Am 17. November 2009 wurde der von der großen Koalition erarbeitete Entwurf für die neue Verfassung Kenias vorgelegt.[5] Die endgültige Formulierung des Verfassungstextes wurde am 6. Mai 2010 veröffentlicht, eine Woche später wurde der 4. August 2010 als Datum für das Verfassungsreferendum festgelegt.[6]
In der Auseinandersetzung um die neue Verfassung wurden am 13. Juni 2010 sechs Menschen von einem unbekannten Täter bei einer Demonstration der Reformgegner in Nairobi mit einer Handgranate getötet.

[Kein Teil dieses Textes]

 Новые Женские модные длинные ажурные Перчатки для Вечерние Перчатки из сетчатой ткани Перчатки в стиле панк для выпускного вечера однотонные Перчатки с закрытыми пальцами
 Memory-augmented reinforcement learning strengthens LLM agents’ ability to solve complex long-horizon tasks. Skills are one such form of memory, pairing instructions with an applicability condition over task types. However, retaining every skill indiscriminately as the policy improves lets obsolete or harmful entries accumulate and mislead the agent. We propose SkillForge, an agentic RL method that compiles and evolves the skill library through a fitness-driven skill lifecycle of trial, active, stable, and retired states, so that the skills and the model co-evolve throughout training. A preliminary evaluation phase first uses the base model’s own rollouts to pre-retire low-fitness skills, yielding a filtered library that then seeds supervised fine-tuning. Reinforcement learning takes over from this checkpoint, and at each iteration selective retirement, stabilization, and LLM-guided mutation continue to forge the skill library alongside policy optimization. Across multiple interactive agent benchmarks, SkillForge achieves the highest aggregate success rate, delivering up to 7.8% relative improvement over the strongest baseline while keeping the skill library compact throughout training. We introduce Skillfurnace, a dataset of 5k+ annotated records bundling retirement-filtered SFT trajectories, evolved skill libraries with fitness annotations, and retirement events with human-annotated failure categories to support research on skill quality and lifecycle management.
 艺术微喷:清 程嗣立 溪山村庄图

Gegner der Reform waren vor allem die Kirchen und der ehemalige Präsident Daniel arap Moi sowie einige Minister der Koalitionsregierung.[7] Als Unterstützer galten unter anderen Präsident Kibaki und Ministerpräsident Raila Odinga.[2] Vor allem im Rift Valley, dem Zentrum der Unruhen von 2007, wurde mit einer hohen Zahl von Nein-Stimmen gerechnet.[8]

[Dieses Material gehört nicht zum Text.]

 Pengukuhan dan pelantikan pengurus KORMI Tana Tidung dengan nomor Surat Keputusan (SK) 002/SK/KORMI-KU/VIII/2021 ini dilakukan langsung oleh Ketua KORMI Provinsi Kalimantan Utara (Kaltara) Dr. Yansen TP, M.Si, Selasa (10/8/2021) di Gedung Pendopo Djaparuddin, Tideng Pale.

Der vorgestellte Verfassungsentwurf führte zur größten politischen Veränderung in Kenia. Er sah die Einschränkung der Machtbefugnisse des Präsidenten sowie die Durchführung einer Landreform vor. Außerdem wurde neben der Nationalversammlung ein Senat geschaffen. Abtreibung aus medizinischen Gründen sollte erlaubt bleiben.[9] Zusätzlich sollten Grundrechte und die Gleichstellung von Frauen garantiert, eine Justizreform durchgeführt und die doppelte Staatsbürgerschaft ermöglicht werden. Auch sollte die traditionelle muslimische Gerichtsbarkeit in der Verfassung verankert werden.[7] Abgeordnete sollen zukünftig von ihren Wahlkreisen wieder abgewählt werden können, wenn sie ihre parlamentarische Arbeit vernachlässigen. Die Anzahl der Minister sollte auf 22 reduziert werden.[2]
Der nach den Wahlen 2007 geschaffene Posten des Ministerpräsidenten wird abgeschafft. Alle Minister, Botschafter, hohe Justizbeamte und Staatssekretäre müssen vom Parlament bestätigt werden. Der Präsident darf maximal zweimal für je fünf Jahre regieren.[7][10]
Der Senat soll aus den Vertretern von 47 Verwaltungskreisen, 16 Vertretern der Nationalversammlung und je zwei Vertretern von Jugendverbänden und behinderten Menschen bestehen. Der Senat kann zusammen mit der Nationalversammlung den Präsidenten per Misstrauensantrag absetzen.[7]
Durch die neue Verfassung wurde die Errichtung eines Obersten Gerichts, des Supreme Court of Kenya vorgesehen.[11]
Es soll eine Kommission mit weitreichenden Kompetenzen geschaffen werden, die „Ungerechtigkeiten“ bei der Landverteilung korrigieren soll. Sie kann illegale Landgeschäfte aufheben und Ländereien an lokale Volksgruppen zurückgeben. Zusätzlich soll eine Obergrenze für privaten Landbesitz gelten.[7][10] Ausländer sollen Land nur noch auf maximal 99 Jahre pachten dürfen.[12]
Das Referendum verlief im Großen und Ganzen friedlich. Aufgrund der hohen Wahlbeteiligung bildeten sich teilweise lange Schlangen vor den Wahllokalen. 70.000 Sicherheitskräfte waren landesweit im Einsatz.[13]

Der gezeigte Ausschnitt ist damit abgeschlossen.